What are these obstacles? This is the third in a five part series outlining the obstacles to business development in most firms.
Obstacle Three –Failure to adhere to a consistent and productive sales routine
Most law firms today lack the performance standards to guide the growth of the firm. There is a wide variety of client development and marketing activities, each with varying degrees of effectiveness. But firms tend to equate all activity as mutually beneficial. As such, attorneys are allowed to focus on low payoff activities such as calling on the wrong people, not preparing for the sales call, participating in value starved community activities or consistently calling on the same low revenue clients. In other words, attorneys are allowed to confuse activity with productivity.

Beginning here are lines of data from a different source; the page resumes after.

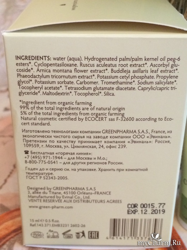 Вся косметика GREEN PHARMA не тестируется на животных и имеет сертификат ECOCERT.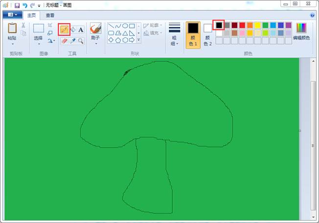 把鼠标指针移到画布上,这时鼠标指针变成笔,前景色设为黑色,拖动鼠标画出蘑菇的伞盖。用同样的方法画出蘑菇的伞柄。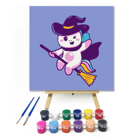 1 kép Számfestő.hu Kis Boszorkány - gyerek számfestő készlet – 20×20 cm (Keretre feszítve)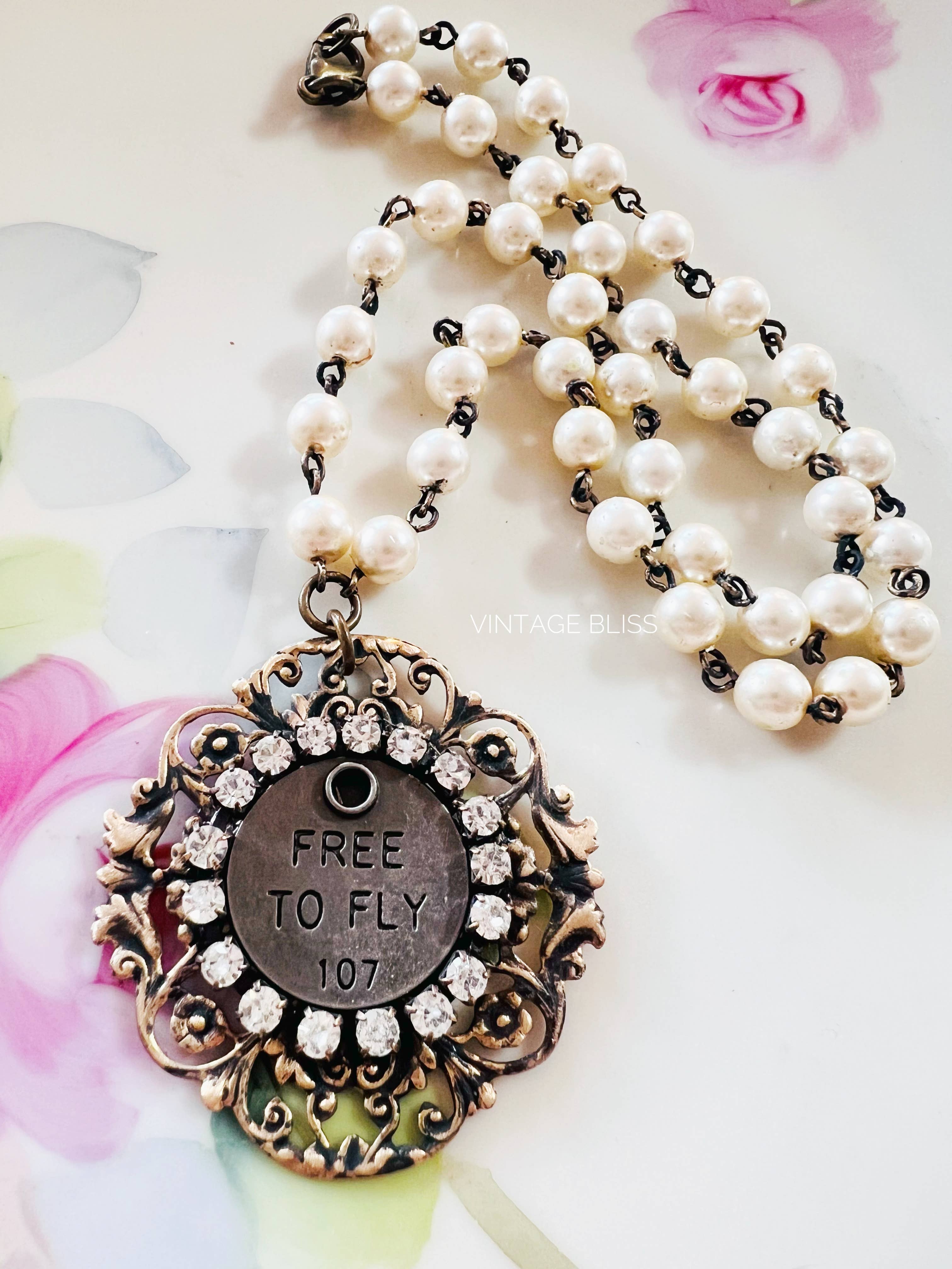 Free To Fly metal tag attached to a brass patina filigree finding surrounded by clear crystal rhinestone chain
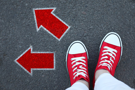 top view of feet and different direction arrows on asphalt road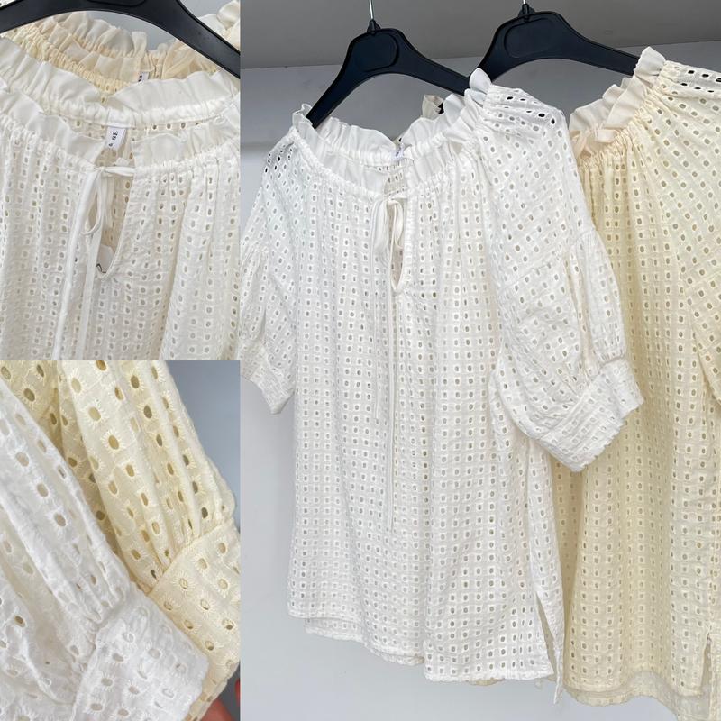 Цена 280грн🔥🔥🔥 Красивые блузы из натуральной прошвы🤍💛 Котон🌸🌸🌸 Два цвета белый и беж Размер универсальный Пог 53, длина 60см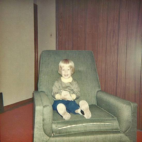 The wall coming down was once the classic, ubiquitous wood paneling. (Side note: I kept that green chair until it literally deteriorated in the mid-90s.)

Law firms and attorneys rarely follow a consistent sales routine which pre-qualifies prospects, plans the client development strategy, researches the competitive and organizational conditions of the prospect, and implements business partnership building processes. They tend to react to opportunities as they arise whether or not they present a meaningful opportunity. What’s more, they cocoon in their comfort zones of conference attendance, cocktail parties and concerts and rarely work to optimize their sales processes to generate bankable results. And firms, starved for anyone willing to do any kind of client development, chalk ineffective activity up as comparative progress under the guise of ‘relationship building’. But in fact, these activities are friendship building activities, not business partnership building activities.